Curry-spiced chickpeas and broccoli rabe

Curried broccoli rabe and chickpeas

Curried broccoli rabe and chickpeas

When I was little I believed that there was something in the earth–in the trees and water and grass and dirt; call it spirit (for lack of a better word) or magic (for lack of a better word). Obviously, the animals can hear it and understand it–you can see that in their eyes and their quiet, graceful movements. But I believed that humans, in all their arrogance, didn’t acknowledge that it was there, or were frightened of it, and so they became unable to sense it. And then we bound it up and strangled it, with roads and buildings, and made it sick with chemicals and garbage. Yeah. I was a weird kid. David came across this quote, and of course I love it to pieces…

    One of the deepest and strangest of all human moods is the mood which will suddenly strike us perhaps in a garden at night, or deep in sloping meadows, the feeling that every flower and leaf has just uttered something stupendously direct and important, and that we have by a prodigy of imbecility not heard or understood it. There is a certain poetic value, and that a genuine one, in this sense of having missed the full meaning of things. There is beauty, not only in wisdom, but in this dazed and dramatic ignorance.

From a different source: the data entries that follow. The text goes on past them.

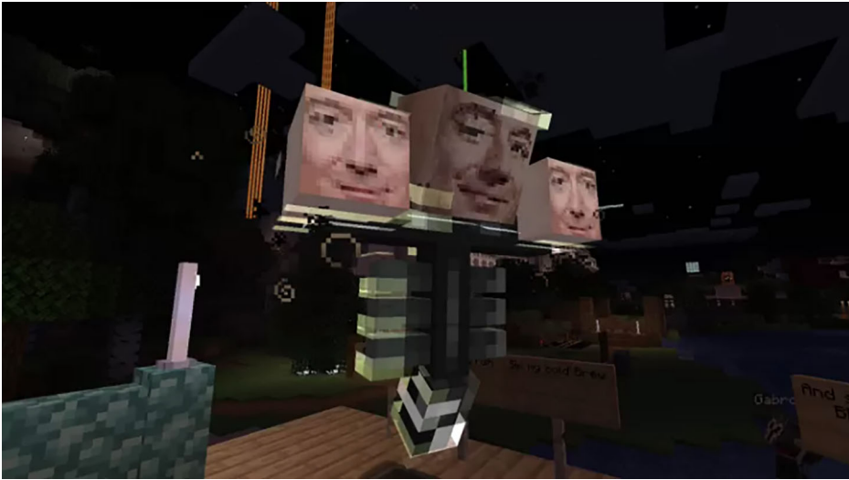
FIGURE 4. Amazon CEO Jeff Bezos as a Minecraft villain.
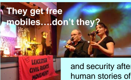
They get free mobiles....don't they?
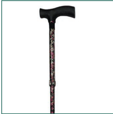
Flower pattern with black handle Cod.: 0811020004
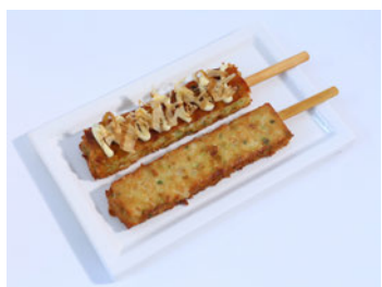
Frozen Osaka Specification: 90g / piece Main raw materials: Korean cabbage, scallion
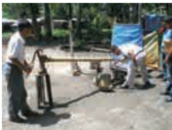
A water quality survey is conducted at the construction site of a water supply facility accompanying the counterpart. (The Study for Socio-Economic Reconstruction and Development of Conflict-affected Areas in Mindanao, the Philippines)

out ASEAN or areas across borders, such as (1) infectious disease control (newly emerged influenza and HIV/AIDS); (2) international crime control (drug control and human trafficking); (3) cross-border regional development (Mekong region development); (4) environmental conservation (acid rain control), and (5) disaster prevention (recovery and reconstruction of areas affected by earthquakes and tsunami and other natural disaster control).
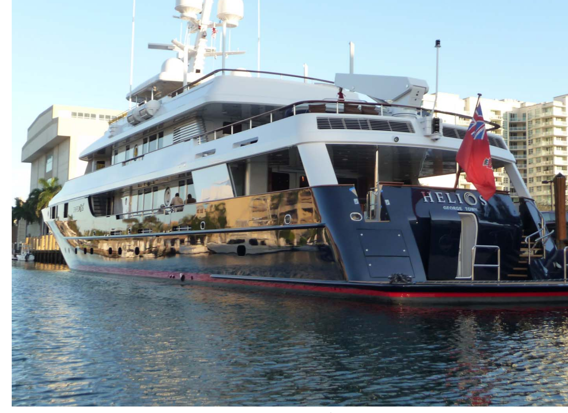
Helios yacht docked in the 17<sup>th</sup> St. Canal.
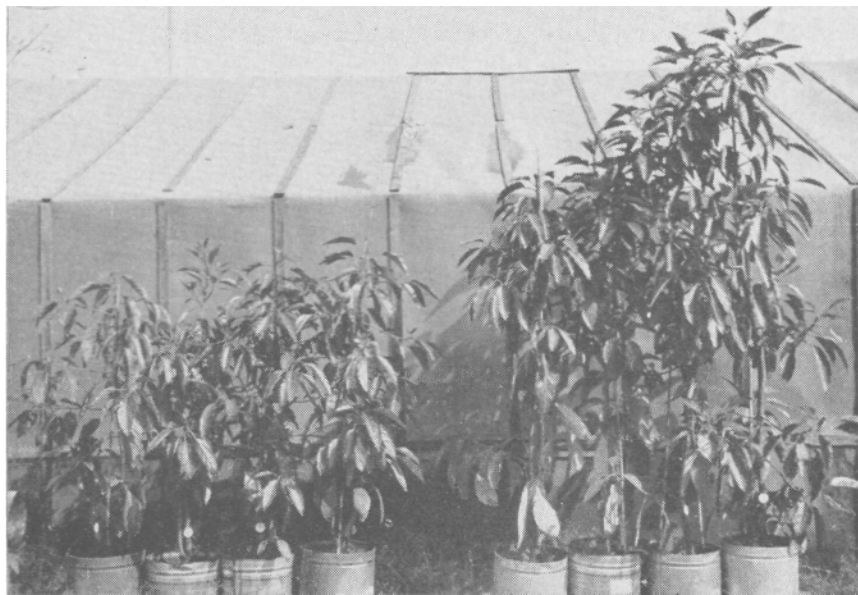
Eight Casper A o. 2 root clones. Four at left have been side grafted with scions from the same tree. Four at right have had the seedling tops grafted with scions from the same tree. Size of "sandwiched" trees directly reflects growth of the prior seedling tops.

Convictions (fortunately) usually require more than mere circumstantial evidence. To prove that the genetic-variant seedling rootstocks were responsible, "as charged", required asexual reproduction of the root tissue that supports these particular Fuerte trees. This re-grown root tissue then would have to be recombined with scion wood from these very trees, and a reasonably large number of the resultant trees would have to be grown to fruiting maturity. Only in this way could the question of productive responsibility be resolved.
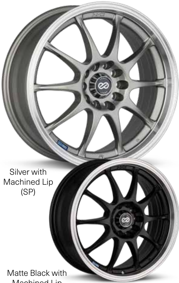
Silver with Machined Lip (SP)
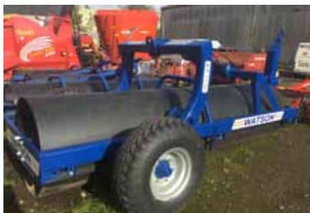
Watson ET 1236 end tow roller, 12 ft long, 36" diameter ballast roller £4,450
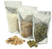
One Sided Transparent Zipper Sealed Pouch
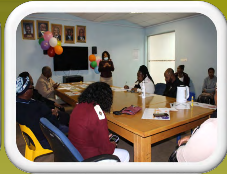
Pics: Management signing a pledge in support of hand hygiene, and the staff singing in hand hygiene awareness and demonstrating hand washing.
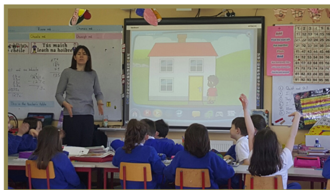
Enjoying Irish class
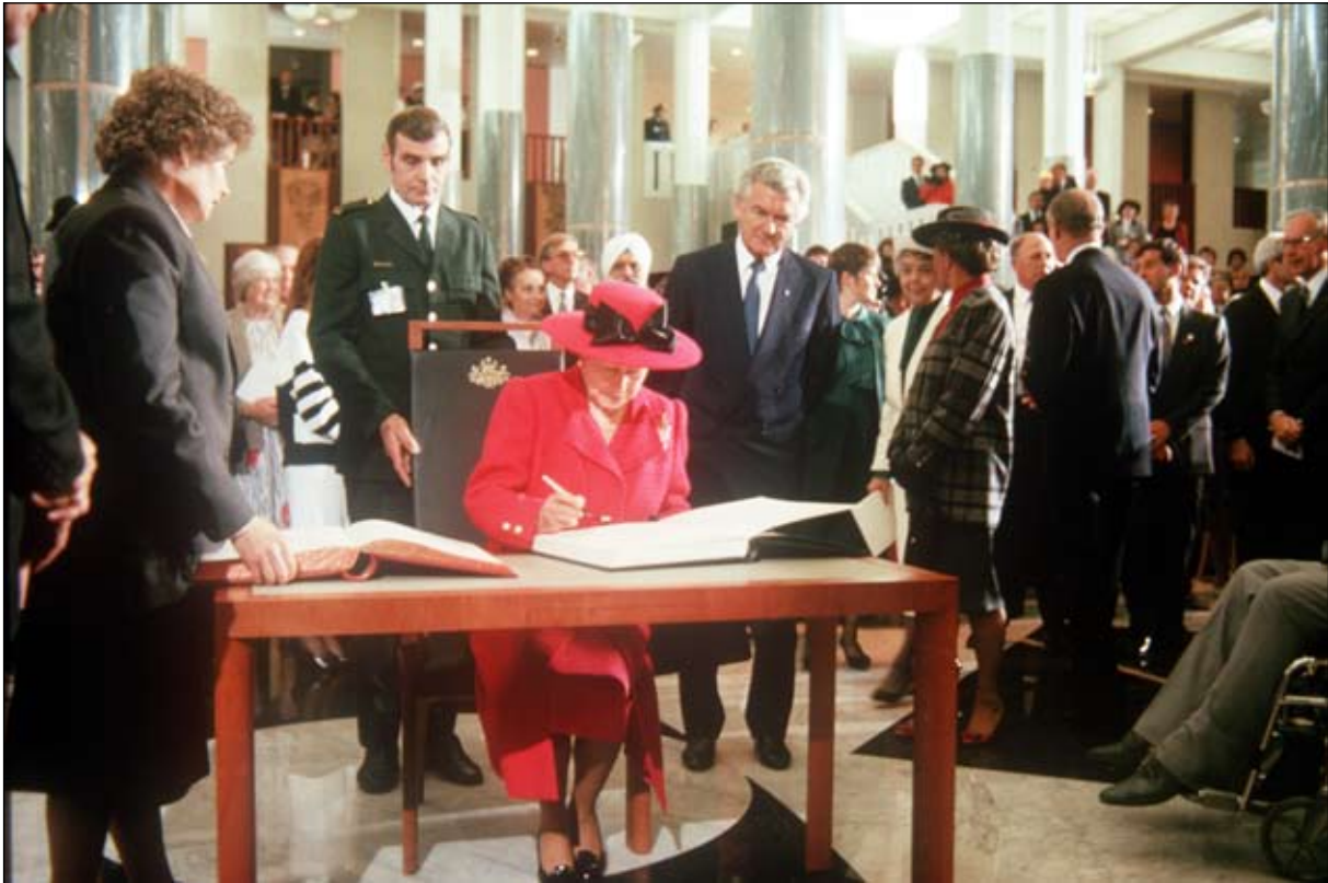
The Queen signs the visitor's book at the opening of New Parliament House in 1988
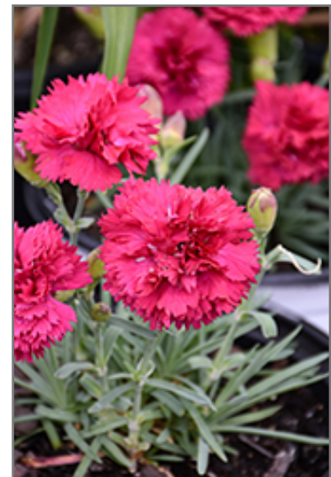
Fruit Punch Cranberry Cocktail Pinks flowers
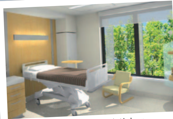
Concept image of standard patient bedroom

"With over 8000 rooms at our new hospital, early room reviewing is our best chance to get the best possible outcome for both the builders, and those that will be using the spaces in years to come."
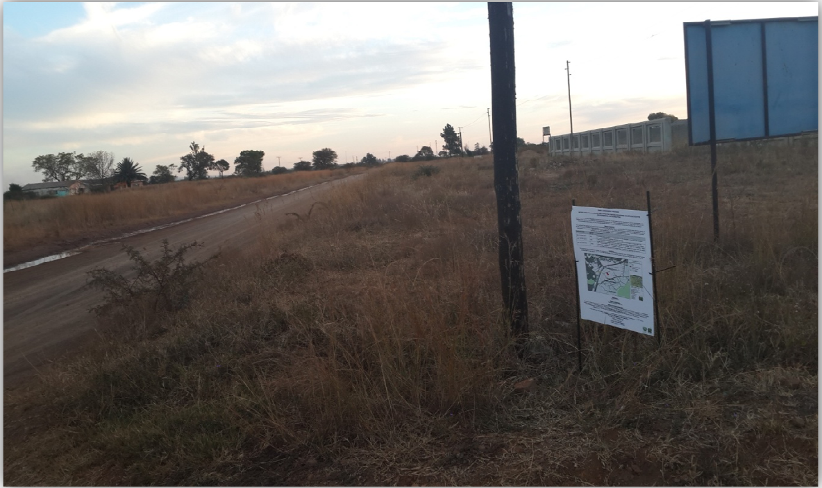
Figure 1: Site notice 1 GPS co-ordinates: -26.568699°S 27.868908°E
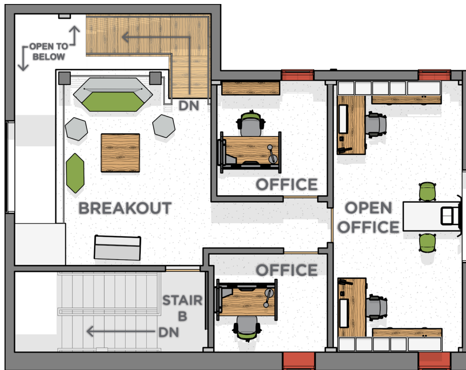
FLOOR PLAN : LOFT
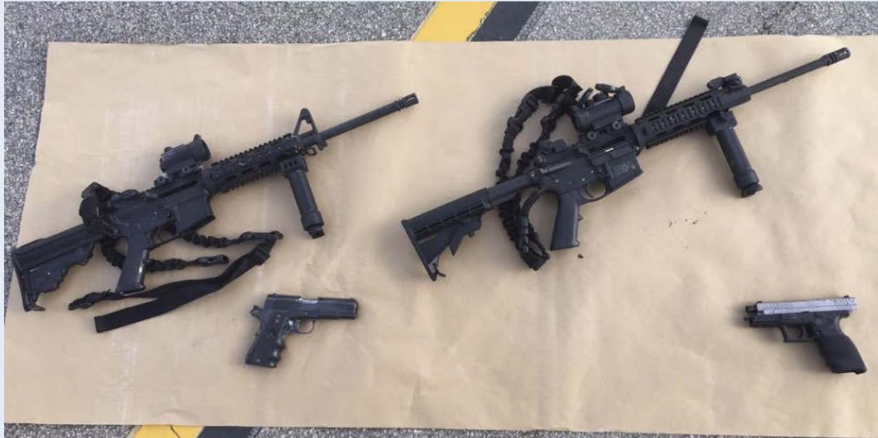
The AR-15 rifles (top) and handguns (bottom) used in the attack

The Colt ArmaLite Rifle 15, more widely known as the AR-15, is the civilian version of the Military's M-16 rifle originally designed by ArmaLite. This rifle is semiautomatic (one shot for each pull of the trigger) and uses a detachable box magazine to hold multiple cartridges. It was originally designed for the 5.56x45mm NATO cartridge; however, the AR-15 is now available in many different calibers and produced by many different manufacturers.
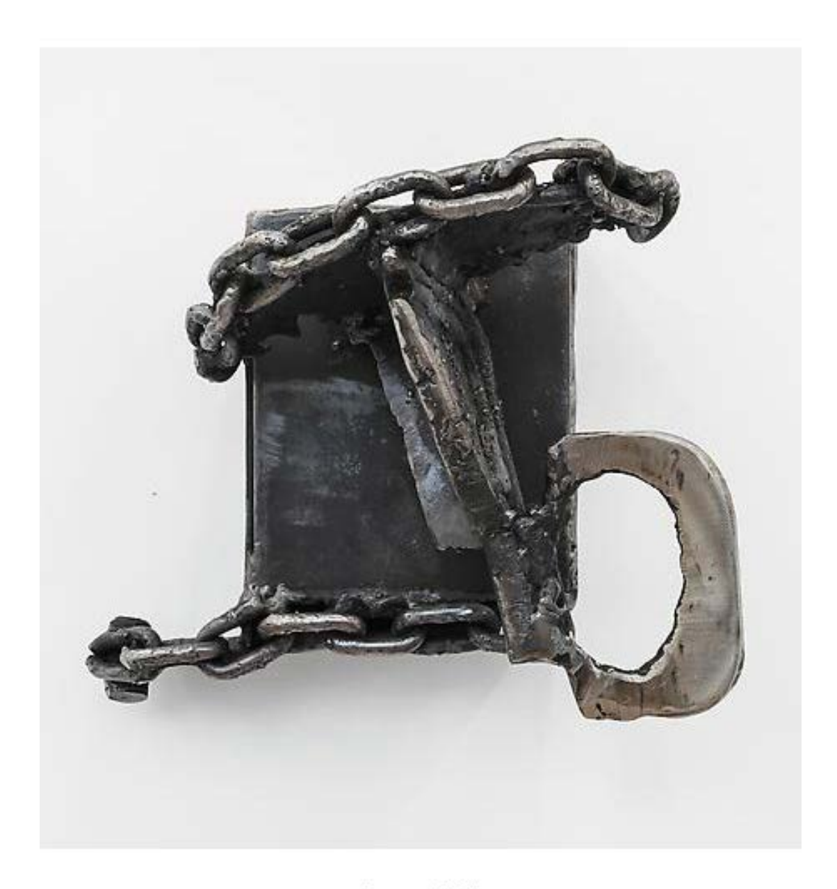
Rosewood (1995) Welded steel 7.5h x 8w x 6.75d in (19.05h x 20.32w x 17.15d cm)
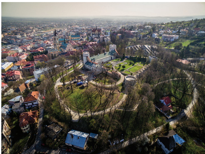
Fig. 1 The castle in Przemysł with a bird's eye view from the northwest. Below the hill, looking from the left, the most important churches: Roman Catholic cathedral with a bell tower, Franciscan church, Jesuit church (now a Greek Catholic cathedral), Carmelite friars church and Carmelite nuns church.
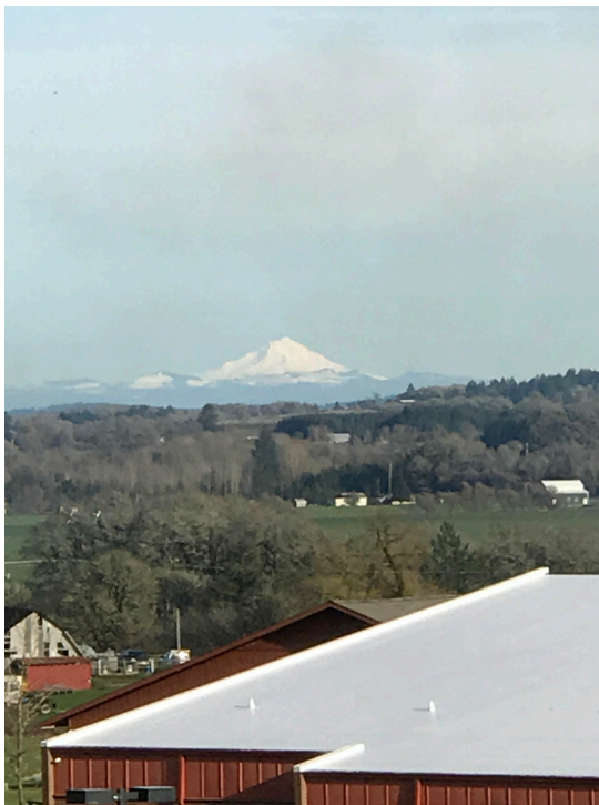
Mount Hood from the Willamina High School campus.

An EPA report found that infill development, as opposed to greenfield develop-
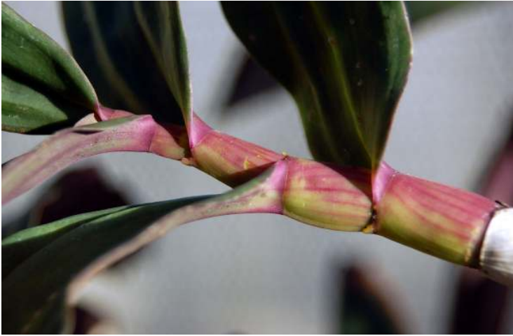
This Dendrobium capituliflorum reacts to high light by taking on a reddish cast of anthocyanin. For some orchids, this is an indicator that the plant is receiving the proper amount of light.

Too much light, causing the obvious response of varying degrees of burning or stunting, can be fairly easily remedied by shading. Growers outdoors or in greenhouses usually cannot do without some shading, especially in the summer. Those who grow orchids in windows only occasionally are faced with too much sunlight, but burning can be more insidious under these conditions. Windowsill hobbyists who are not careful to observe all sides of their plants, and to rotate them periodically, may discover to their dismay (as I did, with the ascocenda pictured in Part 2 of this series) that while the side of the plant facing inward may show no signs of light stress, the less apparent — and most exposed — side facing the window may be cooking to a crisp. Regular rotation of plants will prevent this — and lopsidedness, since orchids grow toward light. It is best not to disturb a plant while in spike, however, so as not to confuse the orientation of the flowers.
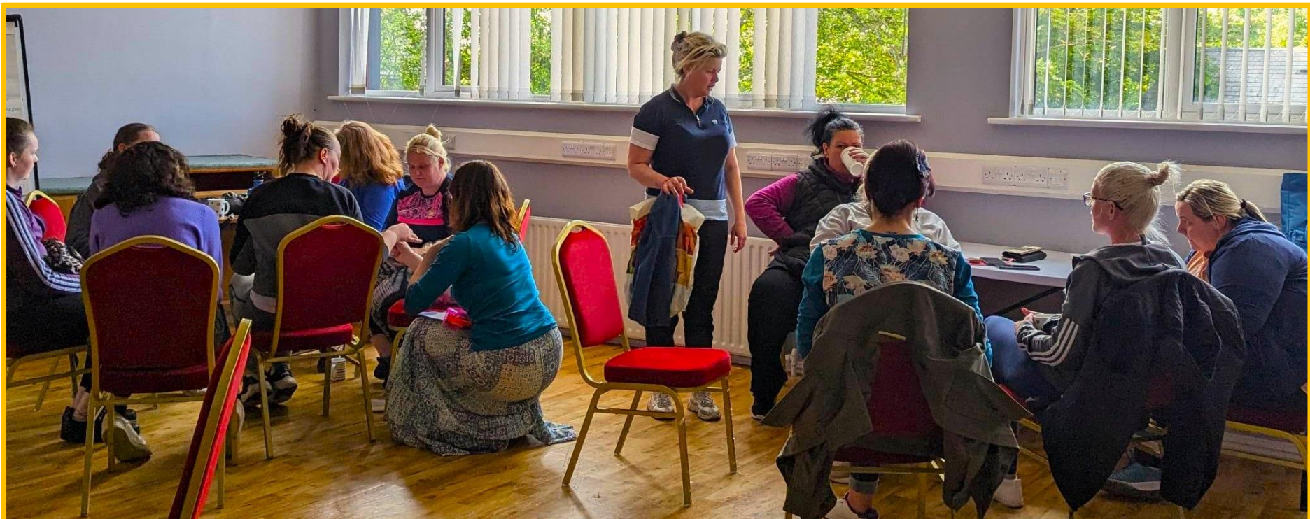
LECP Project Focus Group in Kilrush Family Resource Centre

This project has been a huge focus of Clare PPN's work in the last quarter with the help of funding from Pobal through the Dormant Accounts fund, and will inform not just the LECP but will be of huge benefit to all policy and decision-makers when drawing up future plans.

    – G.K. Chesterton, Robert Browning, 1903

(He found it on a website called Futility Closet) First of all, I love the phrase “prodigy of imbecility,” and I plan to incorporate it into my day-to-day dialogue, post-haste! Secondly, I’m obviously not the only weird kid in the room! I too, think there is beauty in dazed ignorance, and I find great cheer in that idea. Sometimes we comprehend something best when we don’t focus on it, when we see it glancingly from one side, when it flies off with a rustle of bright feathers into the shifting leaves. The less we can capture and hold something, the more beautiful it is. The more something grows and changes and decays, the more beautiful it is. And the more beautiful something is, the less we can imitate it or make a replica of it, because in freezing it we destroy it. I was reading about Yasujiro Ozu, a while back, and I came across the phrase mono no aware, coined by 18th century Japanese scholar Motoori Norinaga. According to my feeble understanding of the concept, this is a sort of sighing recognition of the transient beauty of all things–an idea that everything is more beautiful at the beginning and the ending, as it grows and as it decays, as it changes. And this understanding extends to all things that live and die, however inconsequential they seem. They have beauty worth noticing–they’re made beautiful because they’re noticed. And this feeling, this poignance, washes gently over a person, almost without their effort…it’s the feeling itself that is beautiful and important, but it can’t be studied or captured in words. Whereas in Western art, we try to define aesthetics, and seek symmetry or embellishment, and try to capture beauty in marble or oils, according to mano no aware (as I understand it) the beauty is in sensing imperfection, irregularity or decay, in feeling the sweetness and the sadness of it. Surely this is “one of the deepest and strangest of human moods.” This is the graceful, ever-changing, incomprehensible voice of the garden at night and the sloping meadows, which we love because we can never fathom it, we can only soak it in with dazed ignorance.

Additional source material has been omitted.